We know there’s a gender pay gap in technology – what can we do about it? - DinahDavis
https://medium.com/code-like-a-girl/we-know-theres-a-gender-pay-gap-in-technology-the-question-is-what-can-we-do-about-it-4dadfafc396#.r6locat0z
======
jotato
I want to be very careful here, and I start off by stating I have good
intentions :)

Has anyone seen the data that shows a gender pay gap? _I am not saying it isn
't true_ Anecdotally I know it is real, but I haven't actually seen data
showing it.

For example, I read articles that state "studies show" but don't reference
anything (or if they do, the study doesn't publish any data)

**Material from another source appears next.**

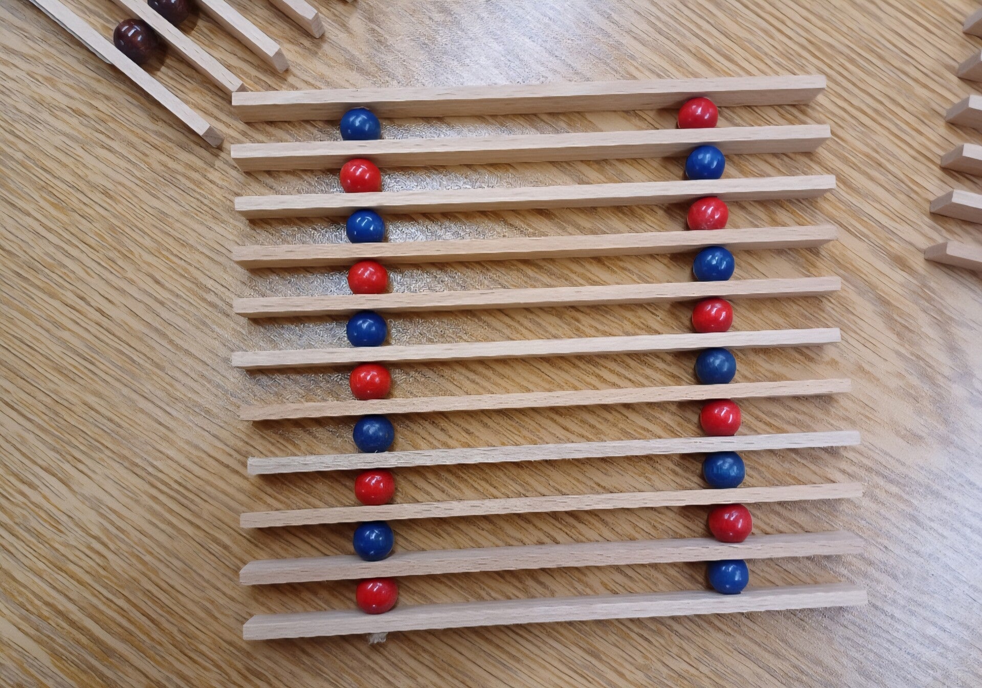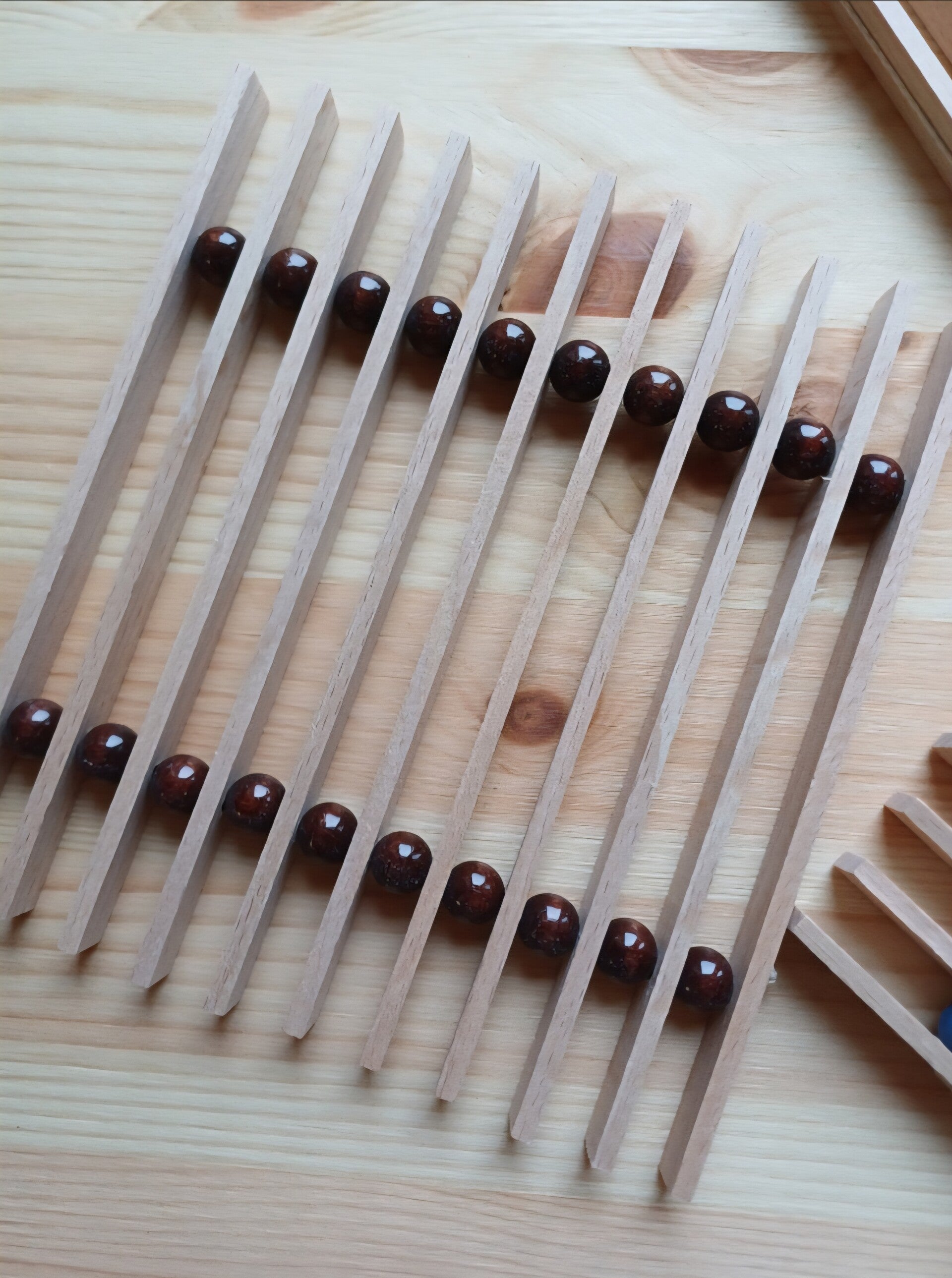 - Mit dekorativen farbigen Holzkugeln

Here is what I want to know. _All things being equal, how big of a pay gap is
it?_ I wonder if some studies are skewed because of factors like years of
experience, a larger sample size of men than women, or place of employment.

Has any research been done (with publicized data) that shows all things+ being
equal, women make N% less

+All doesn't mean "all" here. What I mean is taken a sample of equal number of
men/women, with the same experience, in the same field of study, in the same
city. I expect anyone in Seattle to make more than someone in Butte, Montana.
Along those lines, I expect larger pay for consulting jobs vs startup. This is
what I mean by "all things equal"

Again, I am not disputing the claim. I am just really interested in seeing the
data :)